“we do not have bodies, we are our bodies.” — trinh t. minh-ha.
i saw a performance the other night where bodies moved across a stage and felt mostly nothing. but it got my thinking about my body (most things do) though that seems to be all i do regarding my body — think about it. after that performance i went to a party where i sat on the couch and felt mostly anxiety. i hardly ever know what to do with my body besides think about it.
but my body exists twenty-four hours a day, seven days a week, whether i think about it or not, and everything i experience is felt viscerally on/through my body.
for the past few years i’ve been reading rhetoric about the body and intersections of identity, talking to people about how we experience our bodies (or not), and sometimes performing in various stages of undress to maybe get others thinking about their bodies. and when i say body/ies, i mean to include all of its attendant trappings of identity, though i do not mean to say that it, body/ies, is/are solely a sum of those parts.
my thoughts and feelings about and of my body are perpetually in flux, crisis.

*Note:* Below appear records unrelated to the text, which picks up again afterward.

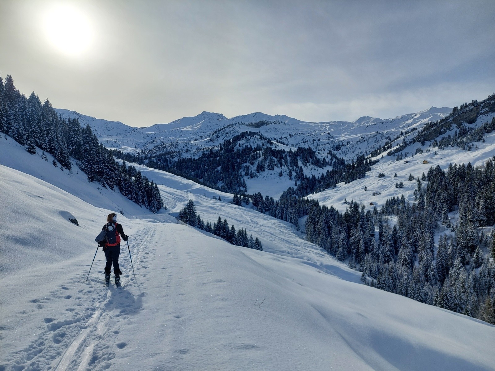 Conditions pour le ski : excellente neige poudreuse tout le long. Mais ça chauffe vite au soleil
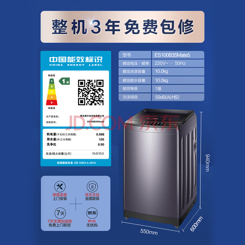 商品相册:海尔(Haier)波轮洗衣机全自动 10公斤 直驱变频电机 双动力防缠绕 羊毛护理 集速洗 ES100B35Mate5第
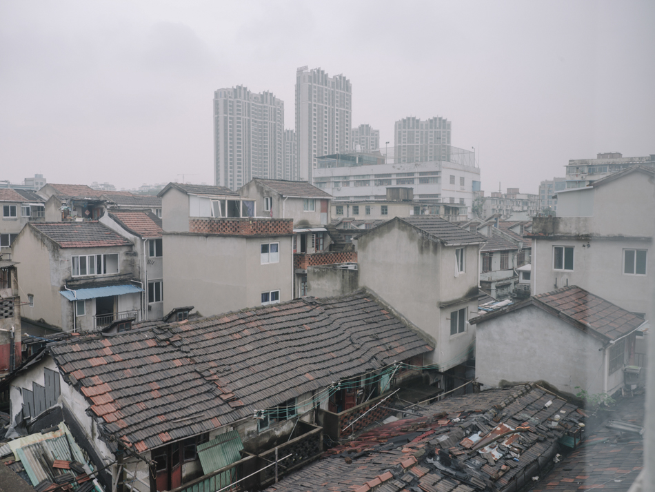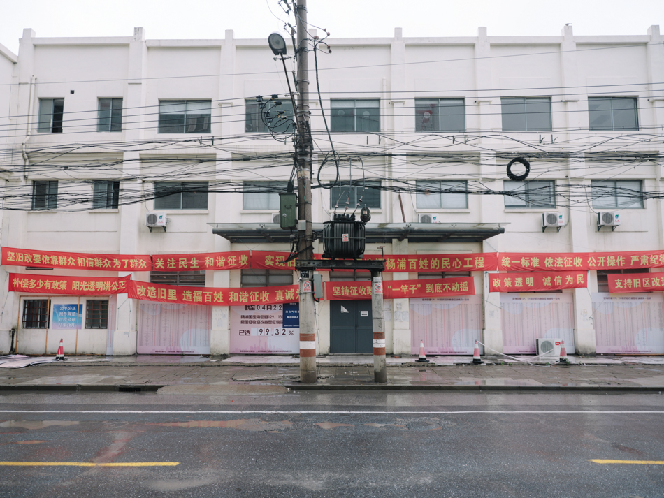 弄堂里的马桶。排队倒了几十年马桶,修修补补的破房陋巷,越来越挡不住湿气,也挡不住潇洒穿梭的老鼠。终于等到好消息的居民神清气爽,纷纷签约,到9月为止,只剩下30户左右还没搬走。不远处的隆昌公寓,拥挤如猪笼城寨,供人拍照留念。从旧日弄堂向杨浦滨江穿行,只见成片矮楼中凸起的现代建筑立面反射出银光闪闪发亮,穿着制服的服务员在玻璃幕墙后彬彬有礼,远处两根巨大的红白条纹烟囱,与弄堂白底红字密密麻麻的“拆”,只隔了一条施工中的马路,构成了奇特的互文。
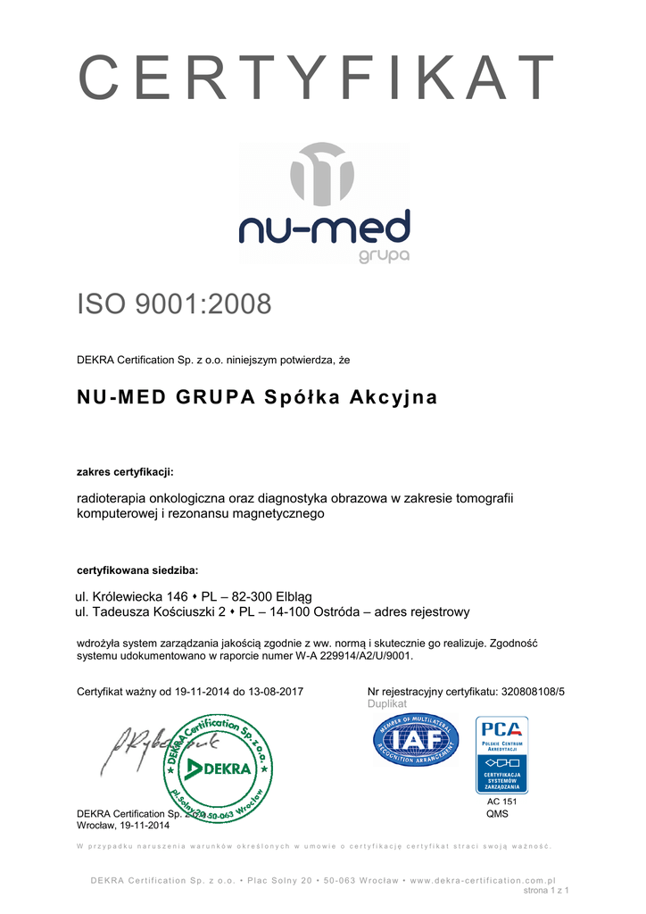 CERTYFIKAT ISO 9001:2008 DEKRA Certification Sp. z o.o. niniejszym potwierdza, że N U - M E D G R U P A S p ó ł k a Ak c y j n a zakres certyfikacji: radioterapia onkologiczna oraz diagnostyka obrazowa w zakresie tomografii komputerowej i rezonansu magnetycznego certyfikowana siedziba: ul. Królewiecka 146 PL – 82-300 Elbląg ul. Tadeusza Kościuszki 2 PL – 14-100 Ostróda – adres rejestrowy wdrożyła system zarządzania jakością zgodnie z ww. normą i skutecznie go realizuje. Zgodność systemu udokumentowano w raporcie numer W-A 229914/A2/U/9001. Certyfikat ważny od 19-11-2014 do 13-08-2017 DEKRA Certification Sp. z o.o. Wrocław, 19-11-2014 Nr rejestracyjny certyfikatu: 320808108/5 Duplikat QMS W przypadku naruszenia warunków określonych w umowie o certyfikację certyfikat straci swoją ważność. DEKRA Certification Sp. z o.o. • Plac Solny 20 • 50-063 W rocław • www.dekra-certification.com.pl strona 1 z 1
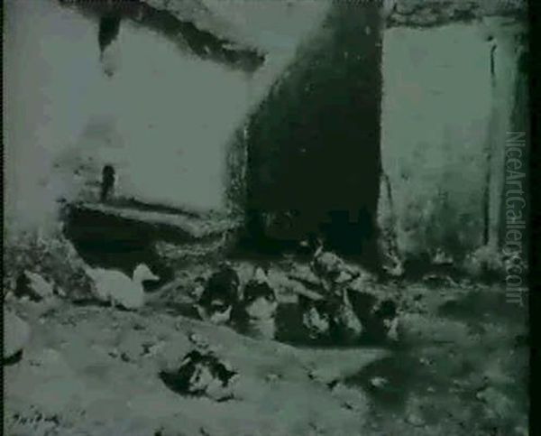 Landlicher Hof Mit Enten Oil Painting by Charles Emile Jacque

in creative nonfiction the other day, my professor challenge us students, as he does every class, to really get at the heart of what we are writing, to be in the emotional core of it. what is our situation? what is our problem? we are all writing about our individual obsessions, and mine is about vietnamese women. i have print-outs of them on my wall, their faces and words in my art, their books on my shelf, their legacies in my bones. post-modern proximations.
it is my personal, political, artistic, theoretical project to bring them all together on the same page and see what conspires. think of the conversations they have together, the troubles they cause, the desires they stir. my own utopia’s seating chart. because i yearn for intimacy, and i do believe in relationships, and i want to tear down the false borders that keep us apart, and though i do not necessarily believe that we need to be best friends forever ever, i would like to imagine a possibility of us lying in the grass and letting our bodies be in the company of each other’s warmth. just once, in my mind, on my wall, maybe my facebook wall.
what i am trying to say is that i love women, and that i love this blog, and that i especially the women on this blog. YES.